The Florida Highway Patrol are still sifting through exactly what happened, but they tell The Gainesville Sun the crash included five or six commercial vehicles and five or six passenger vehicles. When the sun rose on Sunday, the highway was littered with the burned out carcasses of trucks, cars and SUVs.

Steven Camps II told the Sun it felt like the "end of the world." Camps was leaning out his window talking to another driver about the visibility when the other car was hit from behind and dragged under a semi truck. The paper reports:

"Camps didn't have time to react to the horror as two cars then slammed into his own car, a blue Toyota Camry, wedging him and his passenger between two semis.
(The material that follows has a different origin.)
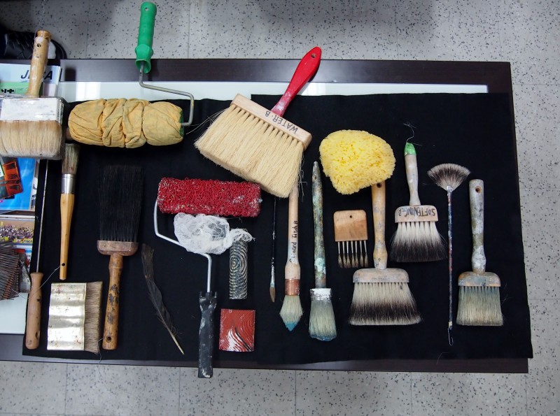 幼い頃から絵を描くことが好きだった木暮さん。「好きな美術を続けたい」と中学を卒業後職業訓練校の塗装科に入学し、実習先の塗装会社に就職した。親方の技を見て盗みながら、日中は就職先の建築塗装の仕事をし、夜は取引先に仕事を分けてもらい内職をした。「人はどこで仕事を見ているかわからない。ワンチャンスをものにするため、人の3倍は仕事をした」。

Camps and his friend, James McGill, managed to get out of the damaged car and walk to the shoulder of the highway.

"Through the heavy black smoke, reddish tongues of fire lapped the air, punctuated by the screams of the trapped and the dying.

"'It looked like the end of the world,' said Camps, who said that at that moment he doubted he would make it home alive, McGill nearby gasping for breath. ...

"The wreckage recalled images of roadside bombings in Iraq and Afghanistan — burned-out hulks of semitrailer trucks, cars that were so badly immolated that their make could not be determined, rubber burned away so that only charred rims rested on the melted asphalt."

The AP reports there is still one big question that remains: Due to poor visibility, authorities had decided to close that stretch of highway in the early hours of Sunday. At about 3 to 3:30 a.m., police reopened the road and the accidents happened between 3:30 a.m. and 4 a.m.

"The decision to reopen it early Sunday will certainly be a focus of investigators, as will the question of how the fire may have started," the AP adds.